[Data extracted from a collection]
↓↓↓

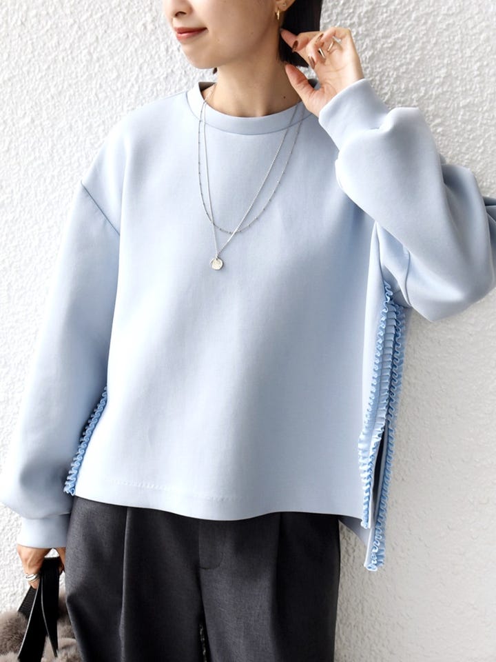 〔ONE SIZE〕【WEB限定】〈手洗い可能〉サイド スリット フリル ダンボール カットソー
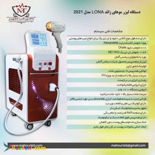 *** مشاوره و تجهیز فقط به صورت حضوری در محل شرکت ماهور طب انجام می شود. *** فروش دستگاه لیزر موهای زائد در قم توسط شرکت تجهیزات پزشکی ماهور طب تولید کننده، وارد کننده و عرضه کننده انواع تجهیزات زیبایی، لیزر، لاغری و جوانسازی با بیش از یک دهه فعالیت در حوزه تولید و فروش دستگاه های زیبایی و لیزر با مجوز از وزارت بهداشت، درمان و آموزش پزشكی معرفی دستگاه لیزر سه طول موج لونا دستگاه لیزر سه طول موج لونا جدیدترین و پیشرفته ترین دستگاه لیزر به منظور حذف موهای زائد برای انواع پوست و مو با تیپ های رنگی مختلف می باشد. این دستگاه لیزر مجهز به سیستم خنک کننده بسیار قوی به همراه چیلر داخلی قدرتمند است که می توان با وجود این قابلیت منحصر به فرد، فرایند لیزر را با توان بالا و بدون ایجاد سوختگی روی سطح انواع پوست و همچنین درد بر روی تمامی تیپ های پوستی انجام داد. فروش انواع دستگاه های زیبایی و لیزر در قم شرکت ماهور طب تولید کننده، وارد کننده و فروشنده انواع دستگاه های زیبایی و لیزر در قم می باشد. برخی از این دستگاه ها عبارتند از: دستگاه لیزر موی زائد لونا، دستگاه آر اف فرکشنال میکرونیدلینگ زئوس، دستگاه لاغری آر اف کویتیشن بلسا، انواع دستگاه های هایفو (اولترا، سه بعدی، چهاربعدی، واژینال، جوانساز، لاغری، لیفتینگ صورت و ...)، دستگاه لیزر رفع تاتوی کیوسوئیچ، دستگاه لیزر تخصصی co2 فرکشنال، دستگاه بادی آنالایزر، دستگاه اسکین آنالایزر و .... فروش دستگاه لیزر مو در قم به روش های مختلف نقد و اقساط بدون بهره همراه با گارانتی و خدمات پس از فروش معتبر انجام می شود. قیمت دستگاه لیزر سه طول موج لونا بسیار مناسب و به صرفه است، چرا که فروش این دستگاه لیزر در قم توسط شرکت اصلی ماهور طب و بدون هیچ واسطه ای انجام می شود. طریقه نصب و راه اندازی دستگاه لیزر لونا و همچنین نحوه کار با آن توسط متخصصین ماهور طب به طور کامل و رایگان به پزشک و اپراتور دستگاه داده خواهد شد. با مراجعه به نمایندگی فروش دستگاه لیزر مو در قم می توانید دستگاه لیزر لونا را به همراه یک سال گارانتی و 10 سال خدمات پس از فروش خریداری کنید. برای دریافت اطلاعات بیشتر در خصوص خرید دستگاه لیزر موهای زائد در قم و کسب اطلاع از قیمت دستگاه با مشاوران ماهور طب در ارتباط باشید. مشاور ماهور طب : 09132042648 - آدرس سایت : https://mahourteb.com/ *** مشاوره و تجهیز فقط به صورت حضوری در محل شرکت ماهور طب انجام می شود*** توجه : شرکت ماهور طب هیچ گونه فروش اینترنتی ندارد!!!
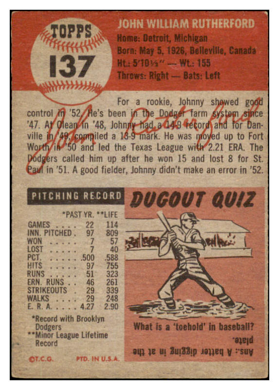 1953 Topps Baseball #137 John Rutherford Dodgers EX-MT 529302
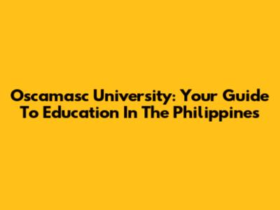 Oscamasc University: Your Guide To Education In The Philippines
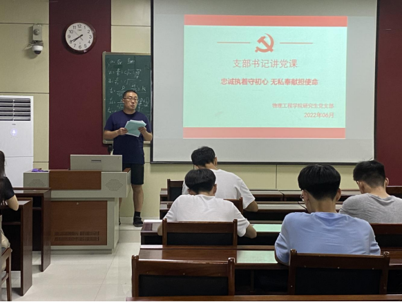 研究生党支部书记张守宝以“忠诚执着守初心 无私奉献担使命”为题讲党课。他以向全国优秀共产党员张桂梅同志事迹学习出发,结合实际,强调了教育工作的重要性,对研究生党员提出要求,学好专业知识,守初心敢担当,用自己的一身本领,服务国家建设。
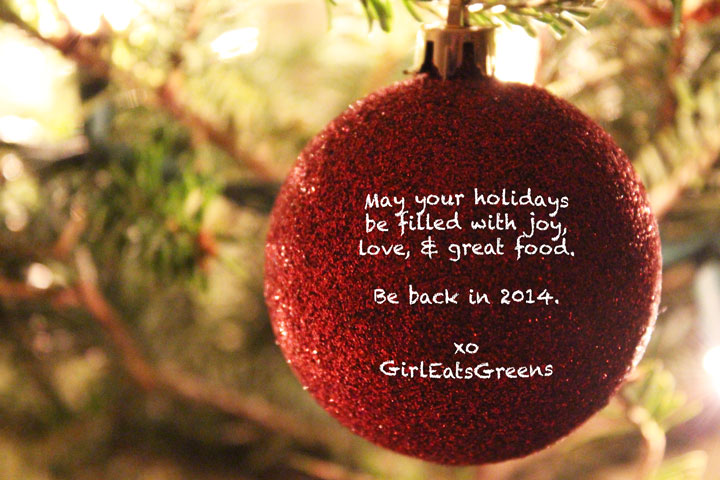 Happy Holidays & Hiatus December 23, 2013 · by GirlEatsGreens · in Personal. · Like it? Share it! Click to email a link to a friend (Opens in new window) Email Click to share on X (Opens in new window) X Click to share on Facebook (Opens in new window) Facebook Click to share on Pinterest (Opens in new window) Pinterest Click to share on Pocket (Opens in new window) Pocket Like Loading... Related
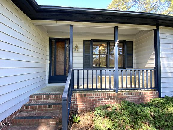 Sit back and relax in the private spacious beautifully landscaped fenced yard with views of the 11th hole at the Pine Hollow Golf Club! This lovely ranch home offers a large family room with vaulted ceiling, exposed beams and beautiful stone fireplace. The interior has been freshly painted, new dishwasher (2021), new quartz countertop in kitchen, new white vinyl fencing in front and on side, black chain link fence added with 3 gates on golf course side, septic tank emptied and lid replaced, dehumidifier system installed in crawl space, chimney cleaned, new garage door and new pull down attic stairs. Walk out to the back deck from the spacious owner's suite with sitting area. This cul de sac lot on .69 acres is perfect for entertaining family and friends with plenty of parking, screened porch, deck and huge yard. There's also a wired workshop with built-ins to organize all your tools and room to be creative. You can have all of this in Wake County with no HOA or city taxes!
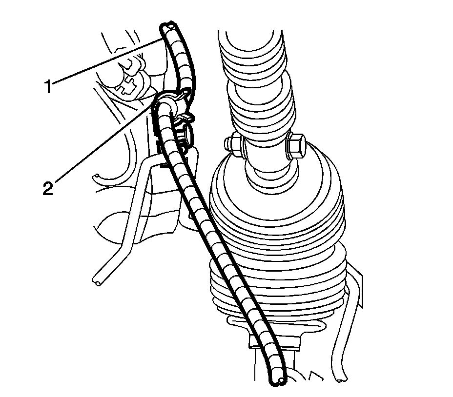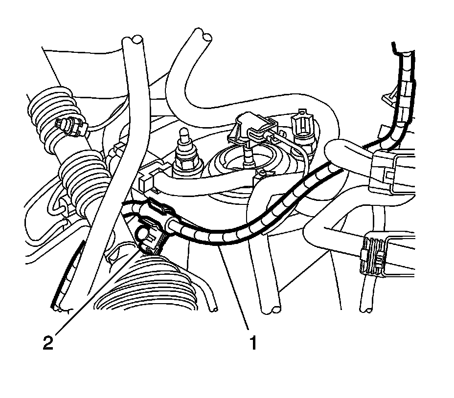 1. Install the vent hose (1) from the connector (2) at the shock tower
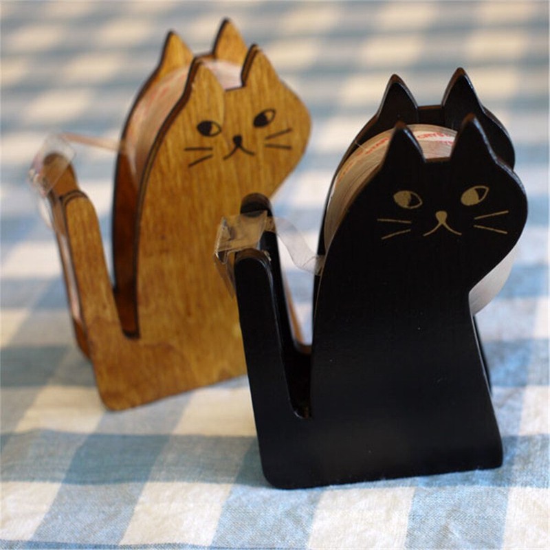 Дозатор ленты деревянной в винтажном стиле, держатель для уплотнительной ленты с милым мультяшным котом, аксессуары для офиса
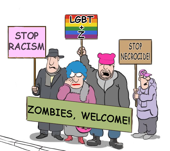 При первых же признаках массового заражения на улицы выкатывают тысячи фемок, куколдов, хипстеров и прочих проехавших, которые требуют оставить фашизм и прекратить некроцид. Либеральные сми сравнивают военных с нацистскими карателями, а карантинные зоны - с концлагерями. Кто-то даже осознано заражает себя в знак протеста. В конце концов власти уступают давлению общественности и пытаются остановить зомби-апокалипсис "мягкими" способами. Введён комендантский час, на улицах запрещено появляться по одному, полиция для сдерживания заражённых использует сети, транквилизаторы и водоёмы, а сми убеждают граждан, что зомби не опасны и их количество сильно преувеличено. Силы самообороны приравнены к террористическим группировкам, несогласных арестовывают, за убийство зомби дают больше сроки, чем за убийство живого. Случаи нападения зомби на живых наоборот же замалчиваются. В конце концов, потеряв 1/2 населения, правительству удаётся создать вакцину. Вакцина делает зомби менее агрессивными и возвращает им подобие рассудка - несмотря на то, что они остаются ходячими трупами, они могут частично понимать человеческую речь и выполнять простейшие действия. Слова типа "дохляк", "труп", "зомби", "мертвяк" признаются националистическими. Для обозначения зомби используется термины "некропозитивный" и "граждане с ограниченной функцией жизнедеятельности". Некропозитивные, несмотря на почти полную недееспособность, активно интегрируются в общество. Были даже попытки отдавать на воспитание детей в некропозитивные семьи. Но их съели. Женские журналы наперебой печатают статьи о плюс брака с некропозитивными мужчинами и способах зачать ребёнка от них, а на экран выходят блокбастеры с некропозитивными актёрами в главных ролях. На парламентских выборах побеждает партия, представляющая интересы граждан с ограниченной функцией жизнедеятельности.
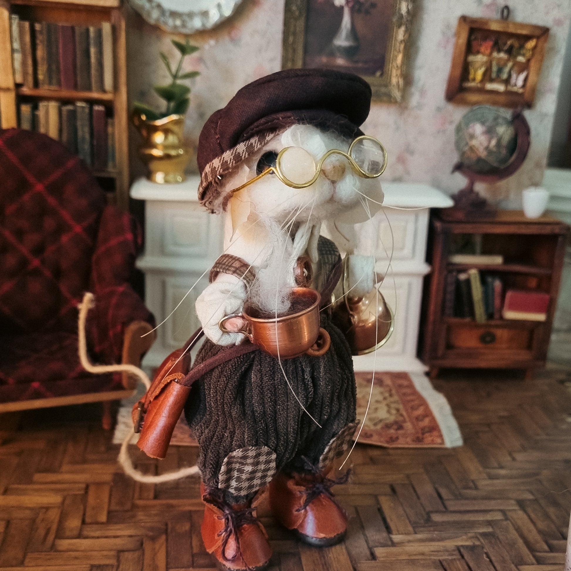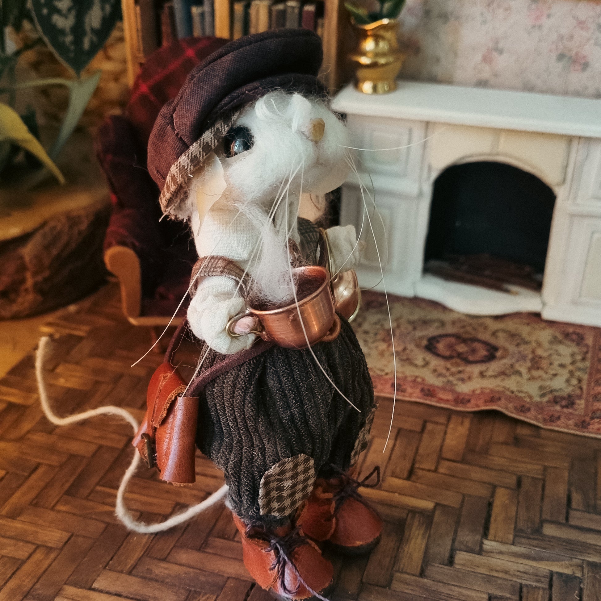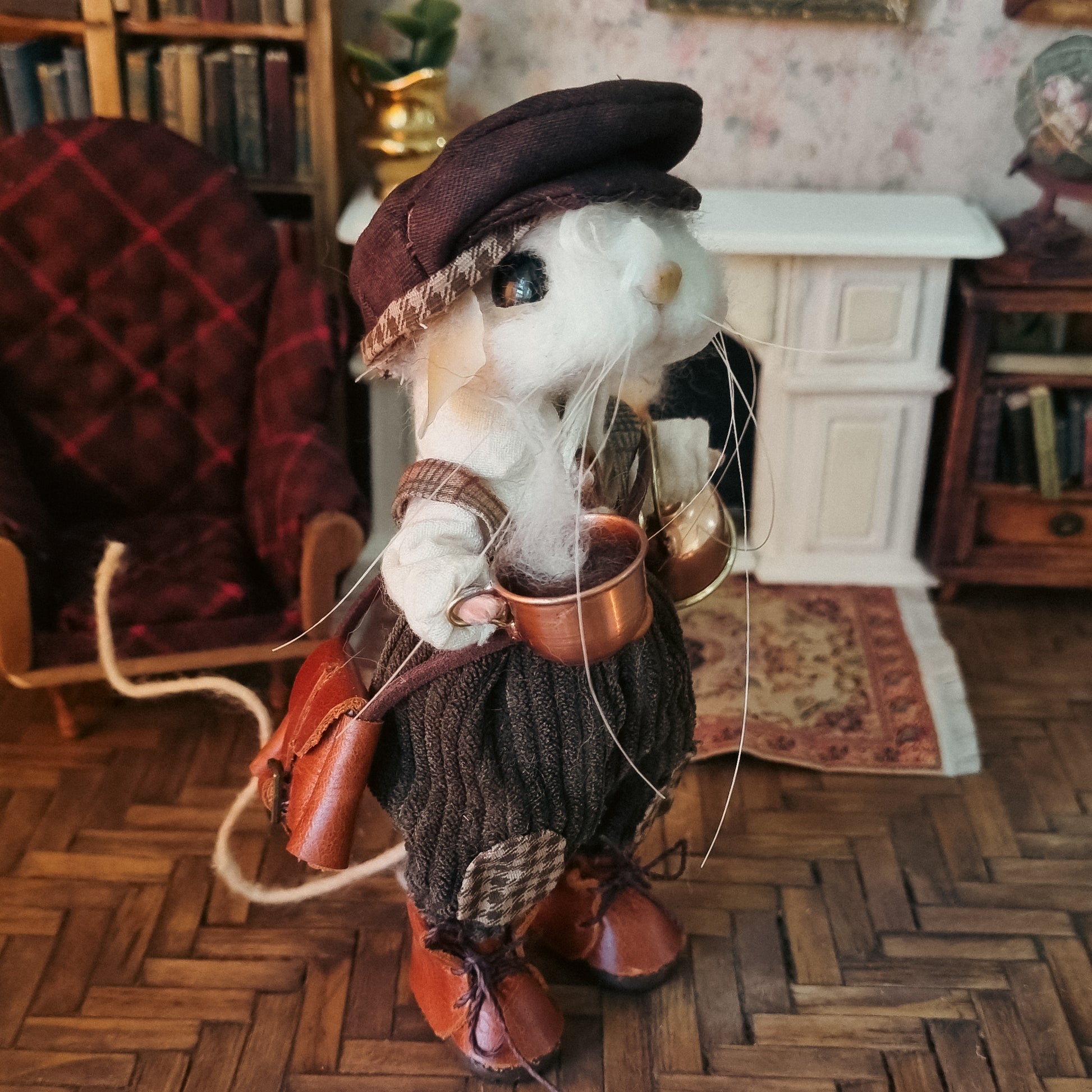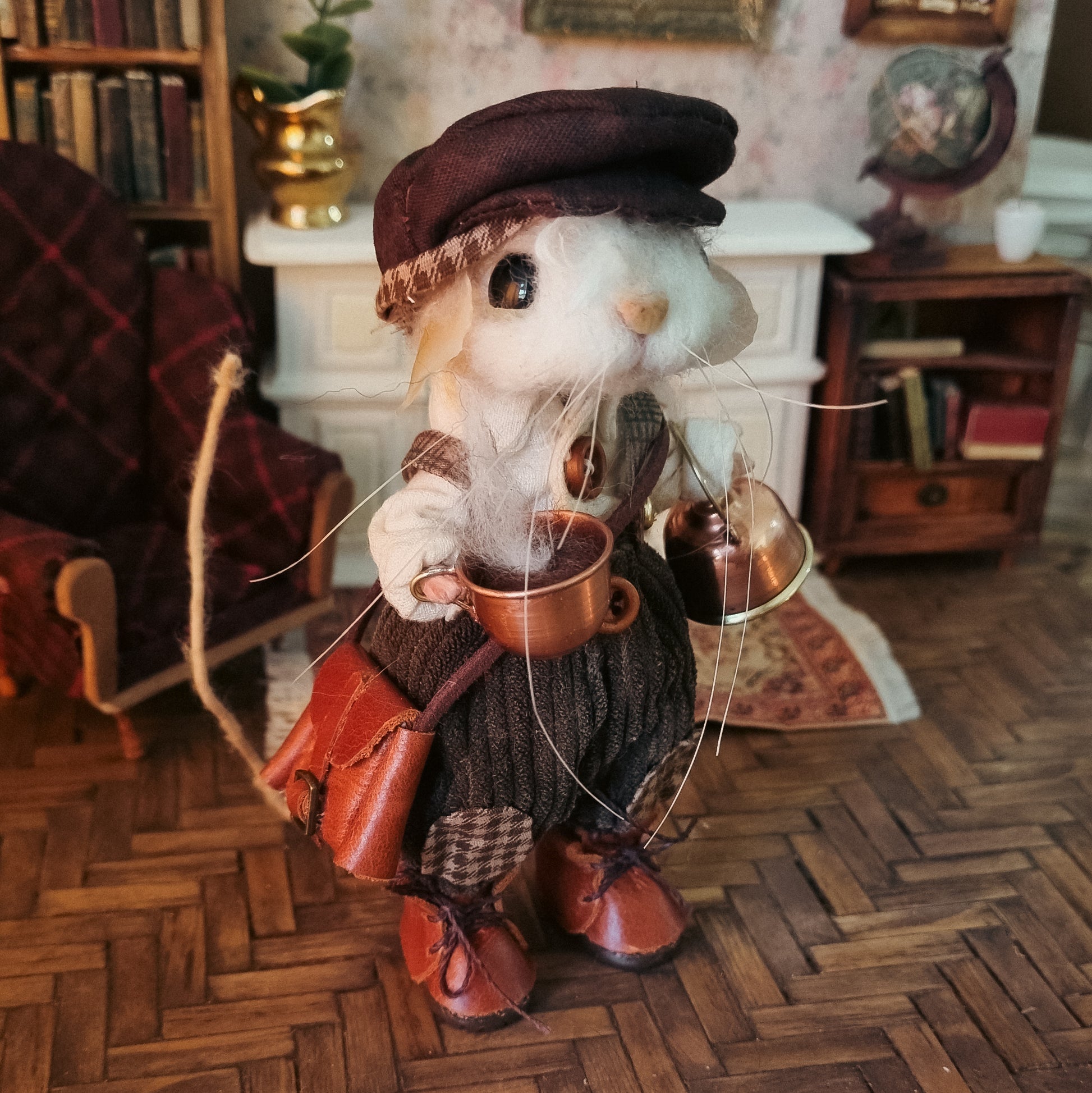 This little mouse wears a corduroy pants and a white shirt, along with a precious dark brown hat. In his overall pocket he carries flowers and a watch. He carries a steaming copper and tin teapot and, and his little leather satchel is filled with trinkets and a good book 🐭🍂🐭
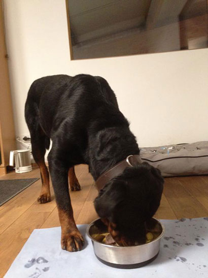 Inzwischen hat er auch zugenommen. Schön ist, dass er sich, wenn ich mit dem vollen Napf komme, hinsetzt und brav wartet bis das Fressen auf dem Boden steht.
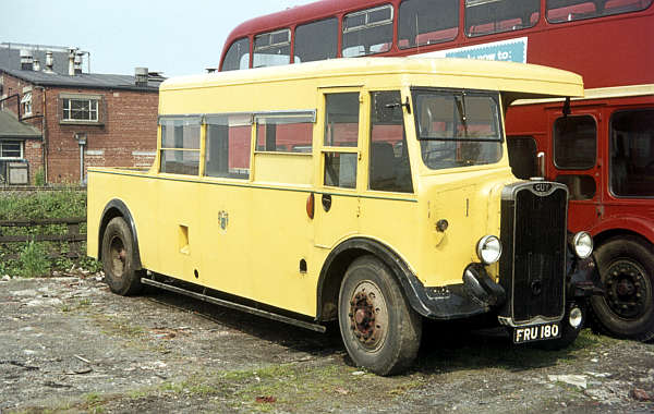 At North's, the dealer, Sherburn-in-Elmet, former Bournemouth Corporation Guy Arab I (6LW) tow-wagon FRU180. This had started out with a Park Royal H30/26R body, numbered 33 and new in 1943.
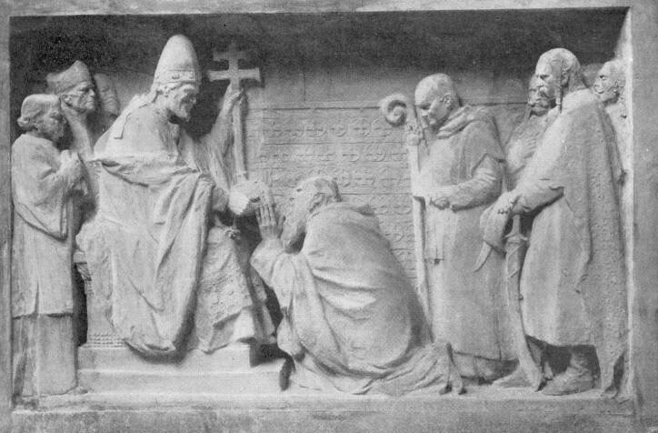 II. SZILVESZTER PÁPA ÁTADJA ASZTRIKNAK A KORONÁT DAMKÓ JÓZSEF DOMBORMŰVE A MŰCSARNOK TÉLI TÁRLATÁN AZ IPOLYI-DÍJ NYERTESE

↑↑↑

▶ **What to do**
Repeat each of the entries above exactly, but do not carry over the pictures.

▶ **Result of this task**
 〔ONE SIZE〕【WEB限定】〈手洗い可能〉サイド スリット フリル ダンボール カットソー
 *** مشاوره و تجهیز فقط به صورت حضوری در محل شرکت ماهور طب انجام می شود. *** فروش دستگاه لیزر موهای زائد در قم توسط شرکت تجهیزات پزشکی ماهور طب تولید کننده، وارد کننده و عرضه کننده انواع تجهیزات زیبایی، لیزر، لاغری و جوانسازی با بیش از یک دهه فعالیت در حوزه تولید و فروش دستگاه های زیبایی و لیزر با مجوز از وزارت بهداشت، درمان و آموزش پزشكی معرفی دستگاه لیزر سه طول موج لونا دستگاه لیزر سه طول موج لونا جدیدترین و پیشرفته ترین دستگاه لیزر به منظور حذف موهای زائد برای انواع پوست و مو با تیپ های رنگی مختلف می باشد. این دستگاه لیزر مجهز به سیستم خنک کننده بسیار قوی به همراه چیلر داخلی قدرتمند است که می توان با وجود این قابلیت منحصر به فرد، فرایند لیزر را با توان بالا و بدون ایجاد سوختگی روی سطح انواع پوست و همچنین درد بر روی تمامی تیپ های پوستی انجام داد. فروش انواع دستگاه های زیبایی و لیزر در قم شرکت ماهور طب تولید کننده، وارد کننده و فروشنده انواع دستگاه های زیبایی و لیزر در قم می باشد. برخی از این دستگاه ها عبارتند از: دستگاه لیزر موی زائد لونا، دستگاه آر اف فرکشنال میکرونیدلینگ زئوس، دستگاه لاغری آر اف کویتیشن بلسا، انواع دستگاه های هایفو (اولترا، سه بعدی، چهاربعدی، واژینال، جوانساز، لاغری، لیفتینگ صورت و ...)، دستگاه لیزر رفع تاتوی کیوسوئیچ، دستگاه لیزر تخصصی co2 فرکشنال، دستگاه بادی آنالایزر، دستگاه اسکین آنالایزر و .... فروش دستگاه لیزر مو در قم به روش های مختلف نقد و اقساط بدون بهره همراه با گارانتی و خدمات پس از فروش معتبر انجام می شود. قیمت دستگاه لیزر سه طول موج لونا بسیار مناسب و به صرفه است، چرا که فروش این دستگاه لیزر در قم توسط شرکت اصلی ماهور طب و بدون هیچ واسطه ای انجام می شود. طریقه نصب و راه اندازی دستگاه لیزر لونا و همچنین نحوه کار با آن توسط متخصصین ماهور طب به طور کامل و رایگان به پزشک و اپراتور دستگاه داده خواهد شد. با مراجعه به نمایندگی فروش دستگاه لیزر مو در قم می توانید دستگاه لیزر لونا را به همراه یک سال گارانتی و 10 سال خدمات پس از فروش خریداری کنید. برای دریافت اطلاعات بیشتر در خصوص خرید دستگاه لیزر موهای زائد در قم و کسب اطلاع از قیمت دستگاه با مشاوران ماهور طب در ارتباط باشید. مشاور ماهور طب : 09132042648 - آدرس سایت : https://mahourteb.com/ *** مشاوره و تجهیز فقط به صورت حضوری در محل شرکت ماهور طب انجام می شود*** توجه : شرکت ماهور طب هیچ گونه فروش اینترنتی ندارد!!!
 1953 Topps Baseball #137 John Rutherford Dodgers EX-MT 529302
 Oscamasc University: Your Guide To Education In The Philippines
 研究生党支部书记张守宝以“忠诚执着守初心 无私奉献担使命”为题讲党课。他以向全国优秀共产党员张桂梅同志事迹学习出发,结合实际,强调了教育工作的重要性,对研究生党员提出要求,学好专业知识,守初心敢担当,用自己的一身本领,服务国家建设。
 Happy Holidays & Hiatus December 23, 2013 · by GirlEatsGreens · in Personal. · Like it? Share it! Click to email a link to a friend (Opens in new window) Email Click to share on X (Opens in new window) X Click to share on Facebook (Opens in new window) Facebook Click to share on Pinterest (Opens in new window) Pinterest Click to share on Pocket (Opens in new window) Pocket Like Loading... Related
 Sit back and relax in the private spacious beautifully landscaped fenced yard with views of the 11th hole at the Pine Hollow Golf Club! This lovely ranch home offers a large family room with vaulted ceiling, exposed beams and beautiful stone fireplace. The interior has been freshly painted, new dishwasher (2021), new quartz countertop in kitchen, new white vinyl fencing in front and on side, black chain link fence added with 3 gates on golf course side, septic tank emptied and lid replaced, dehumidifier system installed in crawl space, chimney cleaned, new garage door and new pull down attic stairs. Walk out to the back deck from the spacious owner's suite with sitting area. This cul de sac lot on .69 acres is perfect for entertaining family and friends with plenty of parking, screened porch, deck and huge yard. There's also a wired workshop with built-ins to organize all your tools and room to be creative. You can have all of this in Wake County with no HOA or city taxes!
 1. Install the vent hose (1) from the connector (2) at the shock tower
 Дозатор ленты деревянной в винтажном стиле, держатель для уплотнительной ленты с милым мультяшным котом, аксессуары для офиса
 При первых же признаках массового заражения на улицы выкатывают тысячи фемок, куколдов, хипстеров и прочих проехавших, которые требуют оставить фашизм и прекратить некроцид. Либеральные сми сравнивают военных с нацистскими карателями, а карантинные зоны - с концлагерями. Кто-то даже осознано заражает себя в знак протеста. В конце концов власти уступают давлению общественности и пытаются остановить зомби-апокалипсис "мягкими" способами. Введён комендантский час, на улицах запрещено появляться по одному, полиция для сдерживания заражённых использует сети, транквилизаторы и водоёмы, а сми убеждают граждан, что зомби не опасны и их количество сильно преувеличено. Силы самообороны приравнены к террористическим группировкам, несогласных арестовывают, за убийство зомби дают больше сроки, чем за убийство живого. Случаи нападения зомби на живых наоборот же замалчиваются. В конце концов, потеряв 1/2 населения, правительству удаётся создать вакцину. Вакцина делает зомби менее агрессивными и возвращает им подобие рассудка - несмотря на то, что они остаются ходячими трупами, они могут частично понимать человеческую речь и выполнять простейшие действия. Слова типа "дохляк", "труп", "зомби", "мертвяк" признаются националистическими. Для обозначения зомби используется термины "некропозитивный" и "граждане с ограниченной функцией жизнедеятельности". Некропозитивные, несмотря на почти полную недееспособность, активно интегрируются в общество. Были даже попытки отдавать на воспитание детей в некропозитивные семьи. Но их съели. Женские журналы наперебой печатают статьи о плюс брака с некропозитивными мужчинами и способах зачать ребёнка от них, а на экран выходят блокбастеры с некропозитивными актёрами в главных ролях. На парламентских выборах побеждает партия, представляющая интересы граждан с ограниченной функцией жизнедеятельности.
 This little mouse wears a corduroy pants and a white shirt, along with a precious dark brown hat. In his overall pocket he carries flowers and a watch. He carries a steaming copper and tin teapot and, and his little leather satchel is filled with trinkets and a good book 🐭🍂🐭
 Inzwischen hat er auch zugenommen. Schön ist, dass er sich, wenn ich mit dem vollen Napf komme, hinsetzt und brav wartet bis das Fressen auf dem Boden steht.
 At North's, the dealer, Sherburn-in-Elmet, former Bournemouth Corporation Guy Arab I (6LW) tow-wagon FRU180. This had started out with a Park Royal H30/26R body, numbered 33 and new in 1943.
 II. SZILVESZTER PÁPA ÁTADJA ASZTRIKNAK A KORONÁT DAMKÓ JÓZSEF DOMBORMŰVE A MŰCSARNOK TÉLI TÁRLATÁN AZ IPOLYI-DÍJ NYERTESE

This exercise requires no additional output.